В конце концов Вестманнаэйяр не обратился в дым, так что мой пессимизм был напрасен. Извержение продлилось еще 3 месяца, но пепел не поглотил город полностью — количество и высота его выброса все уменьшались. Второй кратер не появился ни под городом, ни в другом месте. Когда вулкан затих, стало проще расчищать улицы, откапывать дома и общественные здания. Сейчас Вестманнаэйяр мало-помалу возвращается к жизни.

Так завершилась первая четверть века моих походов на вулканы. Она началась 1 марта в тропической Африке с извержения базальта из новой трещины и закончилась 25 лет спустя в конце февраля, почти день в день, точно таким же извержением в Атлантическом океане.

Именно поэтому я ставлю здесь точку. Честно говоря, мне этого не очень хочется, потому что, начавшись довольно необычно, с Эрта-Але и Киркьюфелля, 1973 год закончился для меня полной фантастикой. Я не только увидел наконец в сердце Антарктиды самый удивительный в мире вулкан — Эребус, неотделимый в моем понимании от Эдгара По и необычайного путешествия Артура Гордона Пима, но и провел на его вершине целые сутки. На высоте около 4000 метров, всего в 12° от Южного полюса, любуясь невиданной панорамой гор, ледников, припая и неба, я прожил в невыразимой бесконечности этого ледяного сверкающего безмолвия, под незаходящим солнцем самый длинный и самый вдохновенный день своей жизни.

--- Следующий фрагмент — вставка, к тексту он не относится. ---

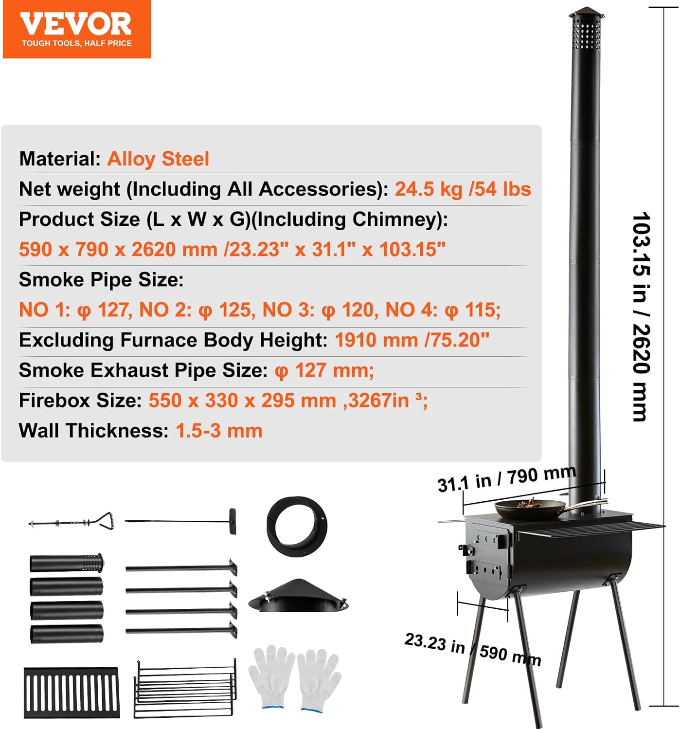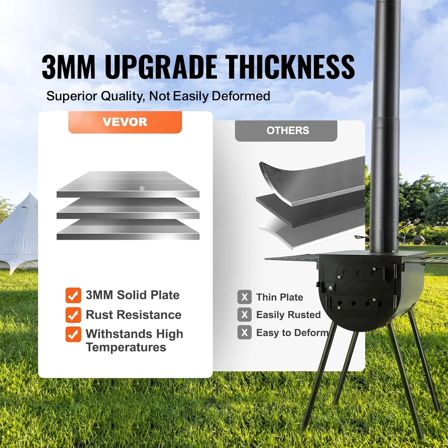 OUWI Hot Tent Stove, Large Side Window, Winter Wood Burning Stove for Heating Cooking Camping Hunting (XL)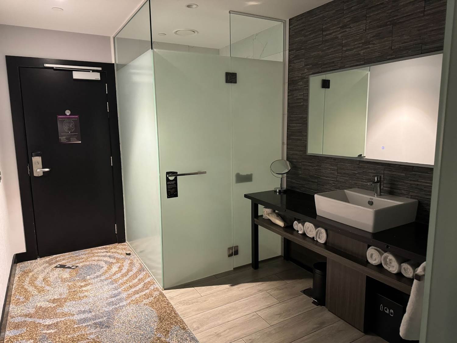 Maximizing space, these rooms have an open floor plan, with a toilet and shower behind frosted glass booths on either side of the sink.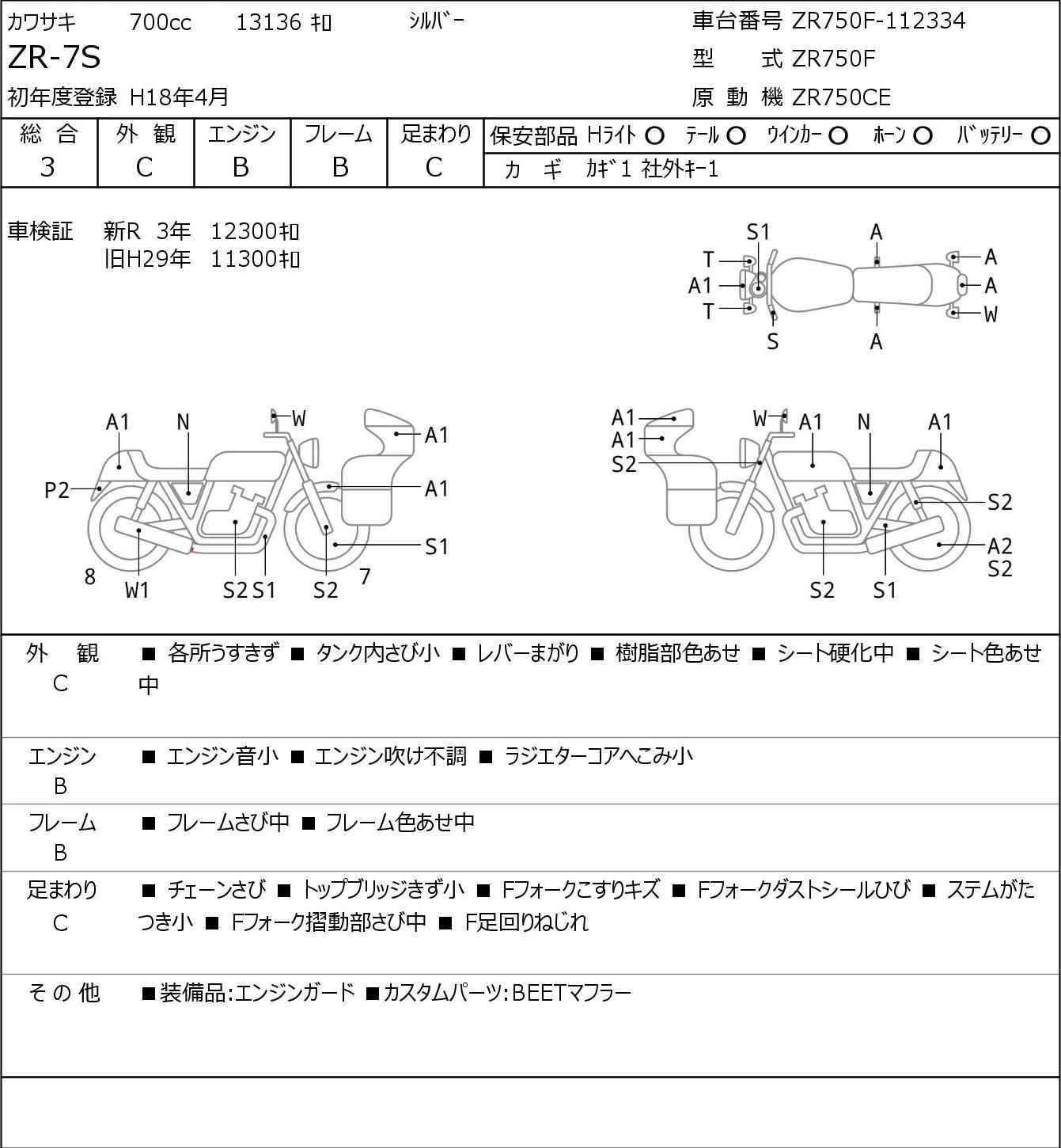 Номер рамы: ZR750F-112334

Случилось так, что этот чрезвычайно удачный год начался на действующем кратере в Данакильской пустыне, самой жаркой точке планеты, а завершился на вершине самого холодного из активных вулканов. Итак, в феврале 1973 года заканчивалась четверть века путешествий по вулканам Земли, освоения профессии вулканолога и длительной, терпеливой разработки необходимых методов измерений. Сразу за ней открывался новый период, который насчитывал уже два года и в котором Эребус, Этна и Эрта-Але сыграли очень важную роль. Это период сбора того самого урожая, что в один прекрасный день позволит, быть может, понять основополагающий и чарующий феномен, именующийся вулканом.

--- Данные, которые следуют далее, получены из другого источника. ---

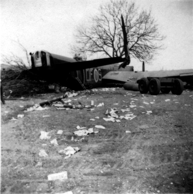 The next morning, the five of us (David, George, Max, Eric and myself) went and viewed our aircraft. As I said previously, David was living out at Woodhall Spa with his fiancée at some relatives or friends of hers, [actually his fiancée’s sister – CF] and he had the use of their car. So he drove to the station and picked us four up, and we went and viewed the wrecked aircraft in daylight. It had been brand-new just the previous day. S for Sugar (we didn’t call it S for Sugar though).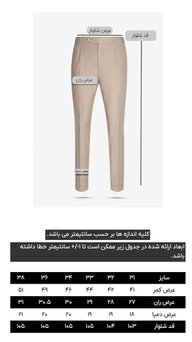شلوار پارچه ای، دارای سگک، تک پیله، پیش کار تک دکمه، دارای بند کمر جهت استفاده از کمربند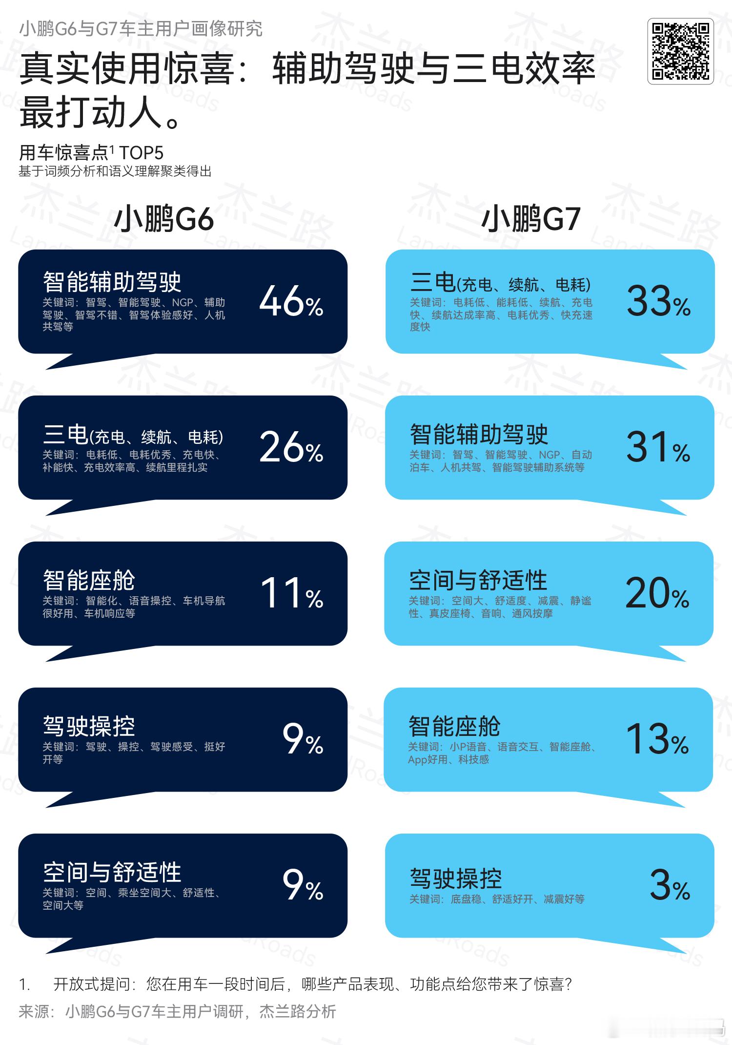 “新智家庭”成为购车主力,由“好用的智能驾驶辅助、高效稳定的三电、舒适大空间”组成的新三大件是核心购车标准。两车的用户都是年轻、高知、稳健的初成新智家庭,“新三大件”是这些用户最满意的地方,其中智驾、续航是最打动他们的产品卖点。凭借领先的智能化和三电,小鹏G7以及小鹏G6在25年第三季度15-25万元区间纯电SUV销量中占据第五以及第六位,且智能化配置丰富度指数均超过94%,稳居第一梯队。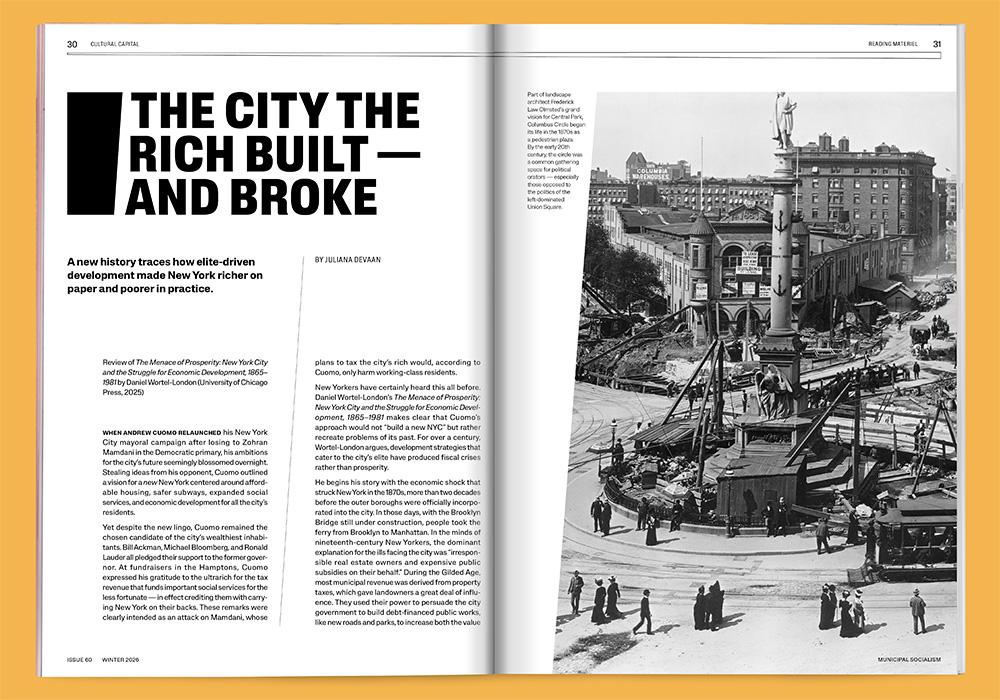“Amid the economic depression of the 1870s, New Yorkers came to feel that residents who contributed to the local economy, not real estate firms, were the real engines of prosperity.”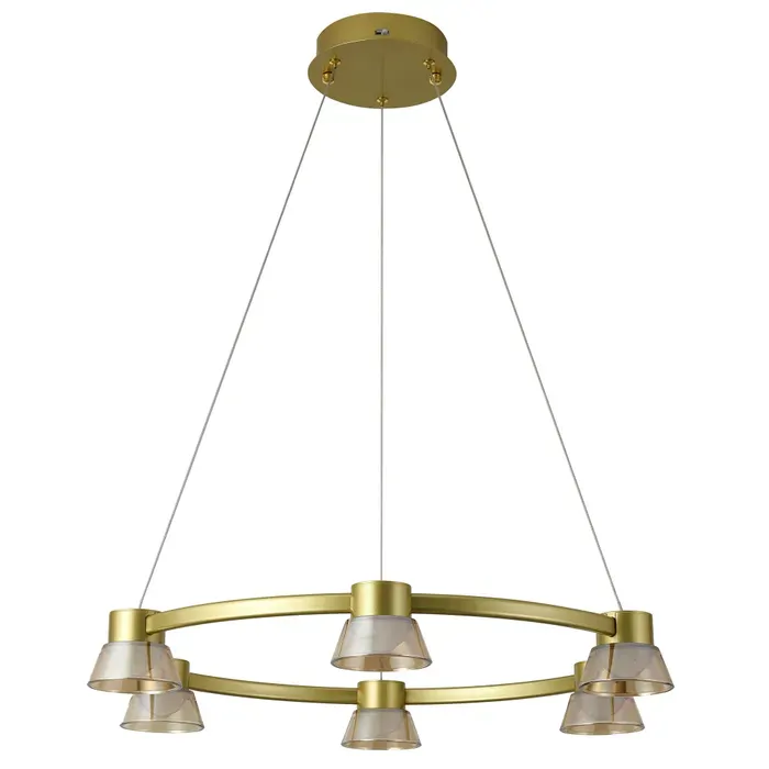 Elegant, modern, and full of character. The Circular 6-Light Brass Pendant features a brushed brass frame suspended gracefully by fine cables, forming a stylish ring fitted with six evenly spaced lights.

Запах серы. Экспедиция в Афар

Запах серы - i_004.jpg

Районы работ экспедиции в Афаре

Во славу земли

Зародившаяся более полувека назад моя страсть к Земле с годами стала еще крепче. Что бы ни говорили авторы утопий, наша планета исключительна, а возможно, и уникальна в своем роде. Поэтому людям, занятым изучением, исследованием и постижением Земли, жизнь уготовила — если они избрали верную стезю — замечательные открытия. Профессия ученого вообще увлекательна, она, как ничто другое, раскрепощает мысль и дух; но тем, кто связан с науками о Земле, повезло вдвойне. Они ведут изыскания в пустынях и горах, в океанах и на полюсах, бродят по лесам и рисовым полям, террасами спускающимся с холмов. Любовь к планете просыпается в детстве, каждый ребенок грезит дальними странами и путешествиями. Эта любовь живет в человеке до тех пор, пока «реальность» — властные требования жизни, а зачастую просто необходимость выживания — не гасит понемногу воображение и порывы и не возвращает его в покорное прозябание, к серым будням.

В юности я мечтал стать полярным исследователем, а до того — моряком. Но когда в 17 лет я явился поступать в матросы, капитану учебного судна удалось раскрыть мне глаза на истину. Потеряв надежду влезть в сапоги Кука, Лаперуза, Росса, Шеклтона, Скотта или Амундсена, я какое-то время метался в поисках, прежде чем не переключил свои интерес на земную твердь. Непроходимые леса Севера, куда я собирался отправиться, должны были стать трамплином для броска в полярное безмолвие.